Suppose the State had set the law which required all of the scope of the use of trading stamp, would you say that was unconstitutional?

Ramsey Clark:

We think that if a State, after serious legislative study, undertook to so regulate the business and — and unless they could show some policy which we have not been able to conceive, we don’t think that it could require a merchant to give, in addition to that which he wishes to sell something else.

Now, ordinarily these trading stamps are this way, 70% of the trading stamp industry is in the hands of 10 companies.

They are tremendous companies.

They sell their stamps by books which under contract, to various merchants over the country.

This contract requires the merchant to give trading stamps to the costumers as they make purchases.

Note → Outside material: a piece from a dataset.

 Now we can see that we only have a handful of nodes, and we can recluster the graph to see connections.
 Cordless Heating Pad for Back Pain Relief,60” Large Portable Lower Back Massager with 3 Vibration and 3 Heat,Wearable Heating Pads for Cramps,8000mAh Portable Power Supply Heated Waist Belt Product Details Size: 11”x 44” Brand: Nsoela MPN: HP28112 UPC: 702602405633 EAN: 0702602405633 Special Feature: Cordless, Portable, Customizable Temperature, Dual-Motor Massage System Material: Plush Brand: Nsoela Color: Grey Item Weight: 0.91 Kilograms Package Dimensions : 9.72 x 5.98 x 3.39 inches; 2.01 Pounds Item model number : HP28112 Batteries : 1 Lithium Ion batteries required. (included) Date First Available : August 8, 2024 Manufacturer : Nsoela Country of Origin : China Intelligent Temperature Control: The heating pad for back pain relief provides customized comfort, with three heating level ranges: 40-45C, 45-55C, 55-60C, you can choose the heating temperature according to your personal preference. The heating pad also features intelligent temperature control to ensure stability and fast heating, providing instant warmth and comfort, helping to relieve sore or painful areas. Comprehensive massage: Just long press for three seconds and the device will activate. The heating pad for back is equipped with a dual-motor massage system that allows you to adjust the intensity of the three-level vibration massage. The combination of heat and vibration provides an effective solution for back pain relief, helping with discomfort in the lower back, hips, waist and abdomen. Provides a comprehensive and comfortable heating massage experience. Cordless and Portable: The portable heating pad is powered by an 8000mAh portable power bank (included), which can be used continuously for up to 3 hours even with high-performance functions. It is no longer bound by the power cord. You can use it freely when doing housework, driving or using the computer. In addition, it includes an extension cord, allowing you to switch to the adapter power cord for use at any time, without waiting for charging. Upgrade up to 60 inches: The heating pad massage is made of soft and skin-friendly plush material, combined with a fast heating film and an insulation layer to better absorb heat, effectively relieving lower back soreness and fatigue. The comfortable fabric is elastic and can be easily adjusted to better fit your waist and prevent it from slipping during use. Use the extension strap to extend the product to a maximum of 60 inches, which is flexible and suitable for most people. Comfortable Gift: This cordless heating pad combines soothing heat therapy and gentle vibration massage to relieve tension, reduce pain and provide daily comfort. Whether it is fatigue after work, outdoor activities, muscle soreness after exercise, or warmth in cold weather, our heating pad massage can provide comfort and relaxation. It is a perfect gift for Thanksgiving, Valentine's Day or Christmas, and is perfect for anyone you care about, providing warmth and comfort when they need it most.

As an illustration which is shown clearly in this record, Sperry & Hutchinson required you to give a trading stamp for this ten cents of purchase.

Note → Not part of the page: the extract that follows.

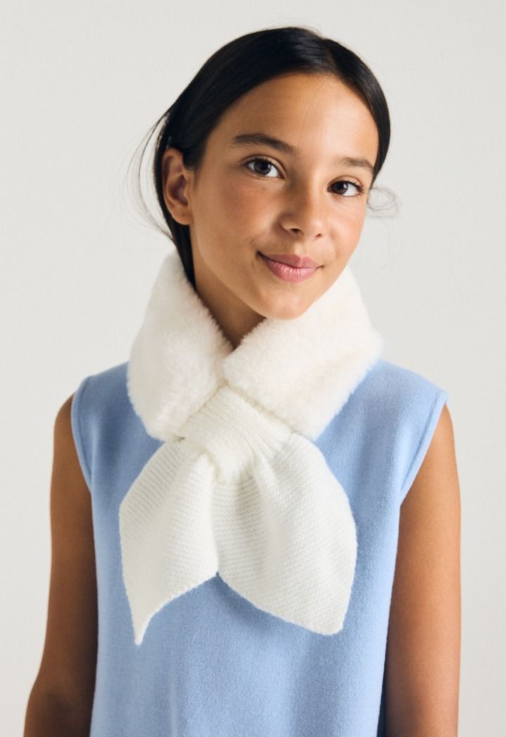 A unique scarf that combines the soft faux fur with the warm knitted design.

The trading stamp is worth two mills or rather the trading stamp costs the grocer two mills.

The record clearly shows that a merchant giving trading stamps, Sperry & Hutchinson trading stamps which predominate in this record, pays 2% of his gross sales to the trading stamp company.

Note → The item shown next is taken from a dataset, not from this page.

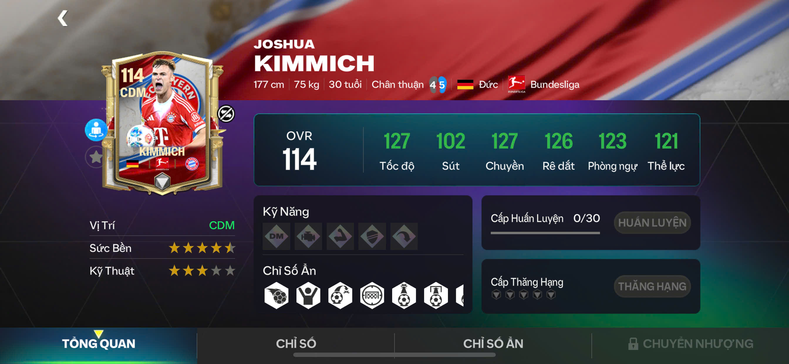 Kimmich tái hiện hình ảnh một tiền vệ trung tâm mẫu mực: thông minh, bền bỉ và cực kỳ chuẩn xác trong từng pha xử lý. Anh là điểm nối giữa phòng ngự và tấn công, sở hữu khả năng chuyền bóng đa dạng, đánh chặn sắc bén và nền tảng thể lực ổn định. Kimmich GE đóng vai trò như “bộ điều phối” của cả đội — âm thầm nhưng không thể thiếu, giúp lối chơi vận hành trơn tru và đầy kỷ luật.

The record always or also shows and it’s an incredible fact that that is twice the net profit of the industry leaders.

That is twice the net profit of the industry leaders.

There’s only one way that you can give trading stamps and make money on them and that is to increase your volume tremendously, ordinarily about 33%, I think Sperry & Hutchinson figure is that if you don’t increase your volume 20% with the use of trading stamps, then you’re going to lose money on because they‘re costing you 2% of your gross sales and in this — in this grocery industry, you don’t make much on your gross sales.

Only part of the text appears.